The package ships with a built-in HTTP server. See cmd/suggest/service.go for an example. Quick start:

import (
    "log"
    "net/http"
    "github.com/suggest-go/suggest/internal/http"
)

func main() {
    handler, err := http.NewHandler("path/to/config.json")
    if err != nil {
        log.Fatal(err)
    }
    http.HandleFunc("/suggest", handler)
    log.Fatal(http.ListenAndServe(":8080", nil))
}

Configuration

suggest is configured via a JSON file. Minimal example:

{
    "name": "my-suggester",
    "source": {
        "type": "file",
        "path": "data/items.txt"
    },
    "metric": "jaro-winkler",
    "suggest_amount": 5,
    "min_score": 0.5
}

The schema is documented in pkg/suggest/config.go.

Package Overview

Sub-package Purpose
pkg/suggest Core suggester engine (Top-K retrieval)
pkg/spellchecker Context-aware spellchecking with language models
pkg/store Storage backends (in-memory, file-based)
pkg/metric Distance metrics (Jaro-Winkler, Levenshtein, Cosine)
pkg/dictionary Dictionary loaders (plain text, gzip)
pkg/index Inverted index for fast lookup
pkg/mph Minimal perfect hashing
pkg/vgram Variable-length n-grams
pkg/lm Language model integration (KenLM)
pkg/merger Result merging & deduplication
pkg/compression Compact storage formats
pkg/utils Shared helpers

Performance Tips

  • Use store.Memory for small dictionaries (<100k entries) — fastest
  • Use store.File for large dictionaries — saves RAM
  • For spellchecking, use the pre-built lm-folder shipped with the language model
  • For autocomplete at scale, batch queries with SuggestBatch(ctx, queries)

Further Reading

Docs

See the documentation with examples demo and API documentation.

Demo

Fuzzy string search in a dictionary

The demo shows an approximate string search in a vehicle dictionary with more than 2k model names.
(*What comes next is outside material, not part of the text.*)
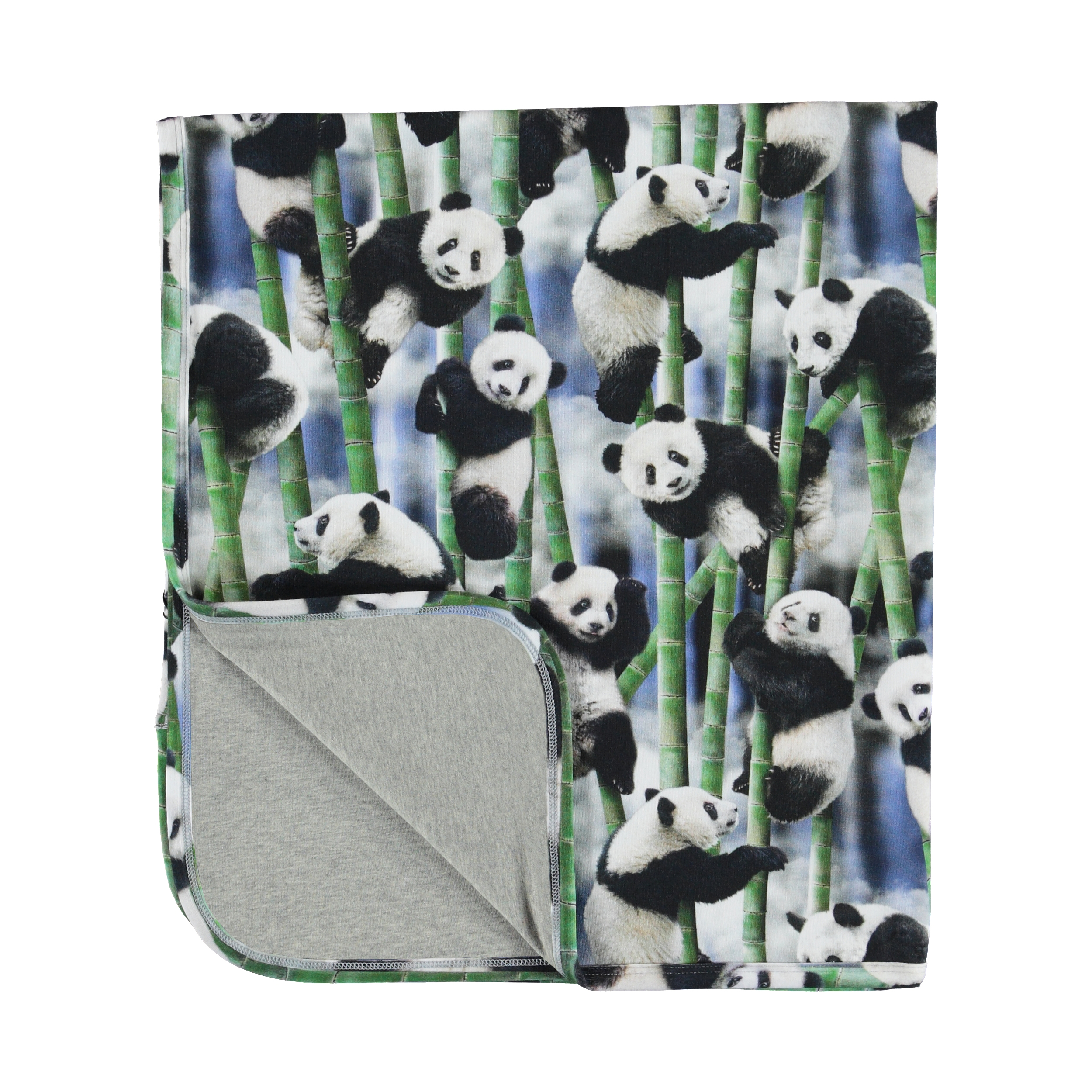 Mjuk, dubbelsydd bomullsfilt med tryck av pandabjörnar.

You can also run it locally

$ make build
$ ./build/suggest eval -c pkg/suggest/testdata/config.json -d cars -s 0.5 -k 5

or by using Docker

$ make build-docker
$ docker run -p 8080:8080 -v $(pwd)/pkg/suggest/testdata:/data/testdata suggest /data/build/suggest service-run -c /data/testdata/config.json

Suggest eval Demo

Spellchecker

Spellchecker recognizes a misspelled word based on the context of the surrounding words. In order to run a spellchecker demo, please do the next

$ make build
$ ./build/./spellchecker eval -c lm-folder/config.json

Spellchecker eval Demo

Contributions

When contributing to this repository, please first discuss the change you wish to make via issue, email, or any other method with the owners of this repository before making a change.